There were times when just the stillness of being together was thrilling enough’ — sound a great deal more like some sort of starry-eyed, fictional version of JFK than a realistic one,’ Taraborrelli writes.
This contrast between the romanticized accounts and the more reserved, politically driven persona of the 1950s Kennedy raises questions about the reliability of the sources and the extent to which Kennedy’s personal life was shaped by external pressures.
The biographer also highlights the role of Torbert Macdonald in this affair, noting that upon returning from Sweden, Macdonald reportedly expressed remorse to a friend. ‘This was a sh***y thing to do to Jackie,’ he is quoted as saying. ‘This was a mistake.’ This admission adds a layer of complexity to the narrative, suggesting that even those close to Kennedy recognized the moral and emotional toll of his actions.
Despite this, von Post remained convinced that their affair was only beginning, though the two never saw each other again.

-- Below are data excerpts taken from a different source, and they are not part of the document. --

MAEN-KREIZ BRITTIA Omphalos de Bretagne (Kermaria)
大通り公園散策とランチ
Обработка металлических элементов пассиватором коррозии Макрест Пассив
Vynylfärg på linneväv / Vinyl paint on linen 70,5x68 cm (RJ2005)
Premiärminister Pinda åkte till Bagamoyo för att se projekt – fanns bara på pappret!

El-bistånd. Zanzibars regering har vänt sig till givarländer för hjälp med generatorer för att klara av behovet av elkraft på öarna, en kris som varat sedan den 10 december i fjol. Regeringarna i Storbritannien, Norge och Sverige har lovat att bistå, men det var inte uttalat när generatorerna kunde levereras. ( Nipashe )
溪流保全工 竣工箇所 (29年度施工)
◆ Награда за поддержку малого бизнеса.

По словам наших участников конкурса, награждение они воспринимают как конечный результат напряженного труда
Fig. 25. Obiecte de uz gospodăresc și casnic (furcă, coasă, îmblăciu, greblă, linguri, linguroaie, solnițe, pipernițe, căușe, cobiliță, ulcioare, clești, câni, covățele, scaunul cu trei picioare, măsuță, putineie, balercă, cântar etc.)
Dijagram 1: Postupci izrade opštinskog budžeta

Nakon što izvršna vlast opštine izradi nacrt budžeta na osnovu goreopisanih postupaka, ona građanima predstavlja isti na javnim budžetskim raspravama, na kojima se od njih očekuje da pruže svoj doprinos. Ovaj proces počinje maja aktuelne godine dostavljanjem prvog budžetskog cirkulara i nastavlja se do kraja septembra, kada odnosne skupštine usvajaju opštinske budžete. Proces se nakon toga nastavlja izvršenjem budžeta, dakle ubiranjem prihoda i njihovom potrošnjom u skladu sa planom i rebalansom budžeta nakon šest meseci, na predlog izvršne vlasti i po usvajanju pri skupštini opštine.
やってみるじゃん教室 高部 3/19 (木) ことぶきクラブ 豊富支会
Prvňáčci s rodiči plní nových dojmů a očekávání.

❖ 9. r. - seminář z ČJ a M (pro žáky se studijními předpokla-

Taraborrelli notes that the affair was ultimately short-lived, but its impact on Kennedy’s personal life and marriage was profound.
In his analysis, Taraborrelli explores the internal conflicts that shaped Kennedy’s decisions. ‘Jack told intimates… that he’d been rationalizing his bad behavior for so long, it had become second nature to do so,’ the biographer writes. ‘His father was to blame, he’d sometimes reason.

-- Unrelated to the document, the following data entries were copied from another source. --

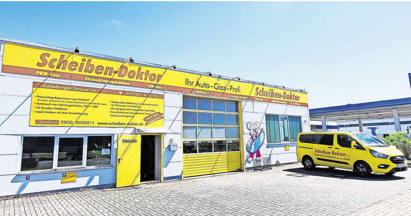
Erster Ansprechpartner für schnelle Hilfe bei Steinschlag: der Scheiben-Doktor, in Laatzen-Rethen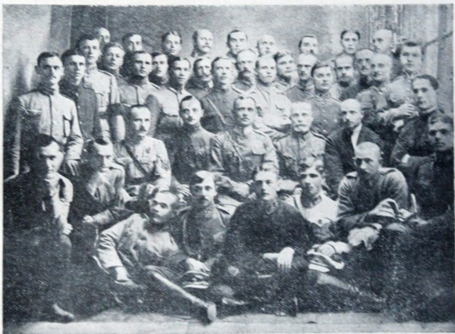
ГРУПА СТАРШИН СПІЛЬНОЇ УКРАЇНСЬКОЇ ЮНАЦЬКОЇ ШКОЛИ 1920 Р.

В жовтні 1919 р. школа урочисто зробила свій перший випуск молодих хорунжих. То були не аби-які хорунжі! Бо ж тактики, цієї основної воєнної науки — умілости вчилися не з сухих підручників, знання свої переводили не на військових „іграх“, що при всій ніби реальності показу все ж тільки „воєнною грою“ — знання свої перевіряли в обстановці правдивого сучасного маневрового бою, маючи перед собою не „означеного“ противника, якусь тим „синю“, а так-таки справжню „червону армію“ — „розігравали“ бій, почавши від висилки польової стежі та від першого далекого гарматного стрілу й перейшовши через всі стадії розвитку бою,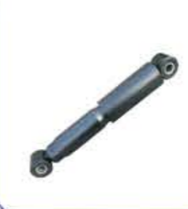
Shock Absorber ممتص الصدمات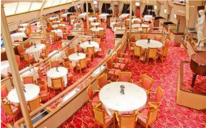
ห้อง Bella Vista

(กัสโต้ เวิลด์ ทัวร์ (สำนักงานใหญ่) 8/29 ถ.สุคนธ์สวัสดิ์ แขวงลาดพร้าว เขตลาดพร้าว กรุงเทพมหานคร 10230 โทร: 02 542 4040 แฟกซ์: 02 542 4292 Website: www.gustotour.com E.mail: gusto@gustotour.com ID LINE: @gustotour ใบอนุญาตเลขที่ 11/03295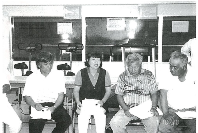
▲女性も女性の立場で積極的に意見を述べています。

このカードを種類別に分類・整理し、今後のまちづくりにどのように活かしていけるかを検討していきます。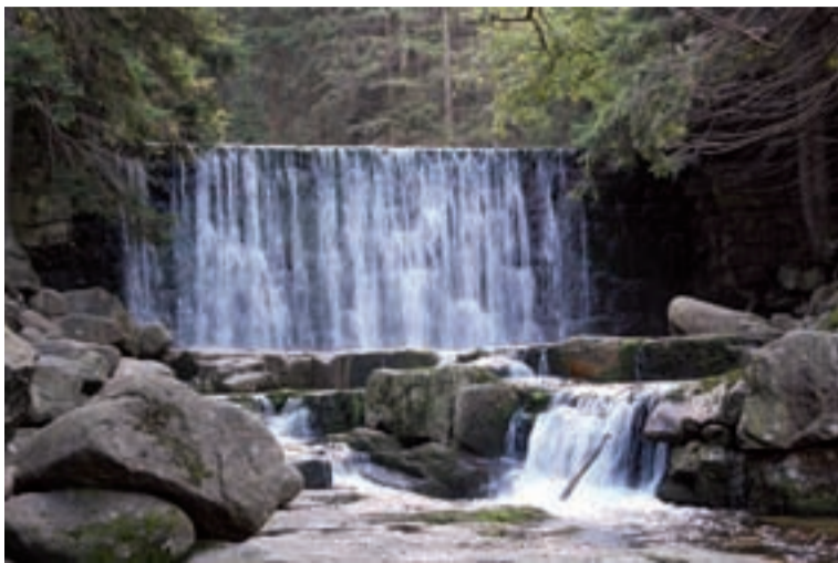
To właśnie pod tym wodospadem mieli Japończycy ukryć wywiezione z Berlina drogocenne przedmioty.

- Kiedy zmarła mi żona, postanowiłem kupić w Karpaczu dom - mówi. - Do miasteczka swego dzieciństwa sprowadziłem się siedem lat temu. W czasie jednej z wędrówek przypomniałem sobie o tym, o czym opowiadała mi kilkadziesiąt lat temu mały Niemiec. Poszedłem do burmistrza Malinowskiego i poprosiłem go, by zwrócił uwagę na to, co się przy wodospadzie dzieje... Sam zaś zacząłem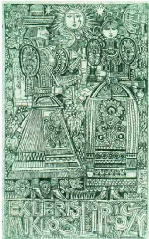
Kass János rézmetszete, C2 (1928), 105×65

„Ötven éves hűséggel, Kass János.” Ezzel az ajánlással küldte el nekem hatalmas, gyönyörű albumát. Én az új könyvre új könyvvel válaszoltam: „Több mint ötven éves hűséggel” – írtam új verseskönyvem belső címlapjára. Mert így igaz! Majdnem egy évszázadot éltünk le egymás mellett! Tudtuk, hogy csak a művészi teremtés emeli sorsunkat a származási, politikai, társadalmi és személyes élet gyötrelmes hétköznapi fölé, mint egy hosszú óriásdaru, a hernyótalpas gépi golya a roppant súlyú építkezési anyagokat, híd-elemeket, vasrúd-kötegek kévéit, épület-tetőszerkezetek vascsipke tornyait. Majd egy századot éltünk. És micsoda századot! Amelyben úgy szorzódtok egymásba és egymás mellé a jó és a rossz, a szorongás és a szerelem, a léthez-ragaszkodás és a félelem, a hűség és a halál, mint a csomózott keleti – perzsa, indiai vagy kasmír – szőnyegek mintázata, tavasz-virágzása és halálhit rejtelve, maradandóság-vágya, öröklét-tisztelete. Kass János elmúlt századunk egyik képzőművész zsenije volt. Rajzai, grafikái, karcjai Leonardo da Vinci, Dürer, Szalay Lajos és Pablo Picasso rajzaival mérkőznek szépségben és szigorúságban, azzal a Picasóéval, akinek több száz rajzát láttam Madridban, a Pradóban. Robusztus Biblia-mítosz alakjai, oroszlánarcú fekete merengései imádkozó sáskaszerű vonal-szerkezetek, vonal-szövetségei, vonalcsúcs hatyútornyai az elvirágzó időt és a mereven is hőmpolygó történelmet égették tudatunkra, mint amikor a legyalult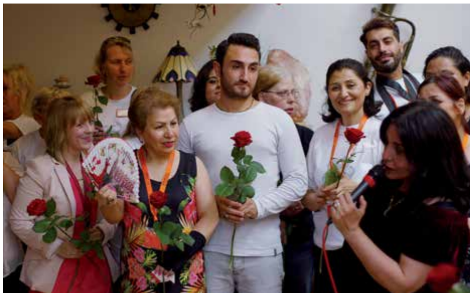
Beim „Fest der Kulturen“ im Hans-Jeratsch-Haus der AWO VITA gGmbH nutzten Jung und Alt die Gelegenheit zur interkulturellen Begegnung.

Die AWO Düsseldorf intensiviert ihre Quartiersarbeit in der Landeshauptstadt. Geplant ist, im Bereich Lierenfeld und Eller ein altersgerechtes Quartier zu entwickeln, das vor allem für ältere Menschen mit Migrationshintergrund geeignete Unterstützungs-, Bildungs-, Betreuungs- und Pflegeangebote schaffen wird. Die Stadt Düsseldorf unterstützt die AWO bei ihrem Vorhaben, so dass das AWO-Projekt Fördermittel erhält aus dem Topf „Altersgerechte Quartiere NRW“ des Ministeriums für Arbeit, Gesundheit und Soziales des Landes NRW.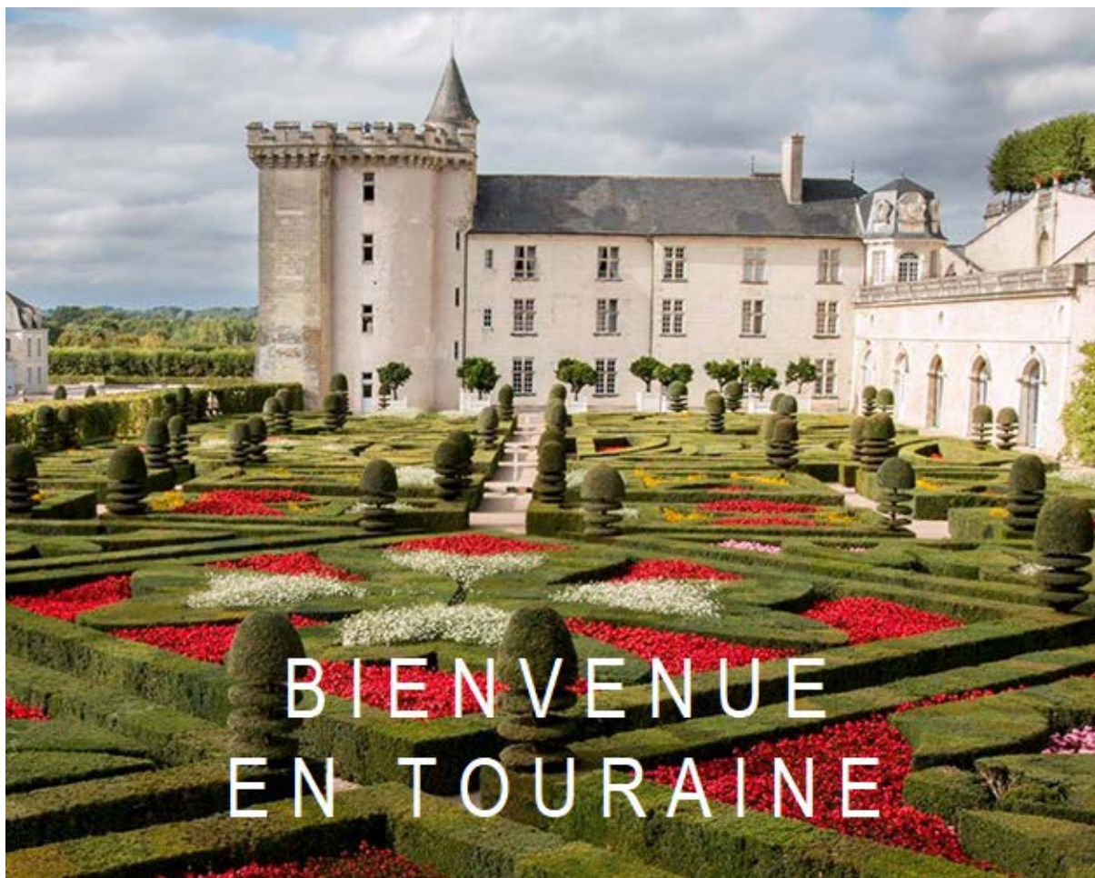
Château de Villandry

Tours – Val de Loire du 6 octobre au 9 octobre 2021

After all, if not for Joe, he would’ve ended up with Inga Arvad, someone he truly loved, instead of Jackie, someone he married for political purposes and then grew to love.’ This self-justification, Taraborrelli suggests, reveals a deeper struggle between Kennedy’s personal desires and the expectations imposed by his family and political career.
It also raises the question of whether his eventual love for Jackie was genuine or a product of the circumstances that brought them together.
As Taraborrelli concludes, the story of John F.
Kennedy’s personal life remains a tapestry of contradictions. ‘While Jack grew to love his wife despite allegedly wedding for political reasons,’ the biographer writes, ‘the question of whether his actions were driven by genuine emotion or external pressures continues to linger.’ This nuanced portrayal of Kennedy, shaped by the accounts of those who knew him, offers a glimpse into the complexities of a man whose public legacy often overshadows the private struggles that defined his life. ‘JFK: Public, Private, Secret’ by J Randy Taraborrelli, published by St Martin’s Press, provides a detailed exploration of these contradictions, inviting readers to reconsider the man behind the myth.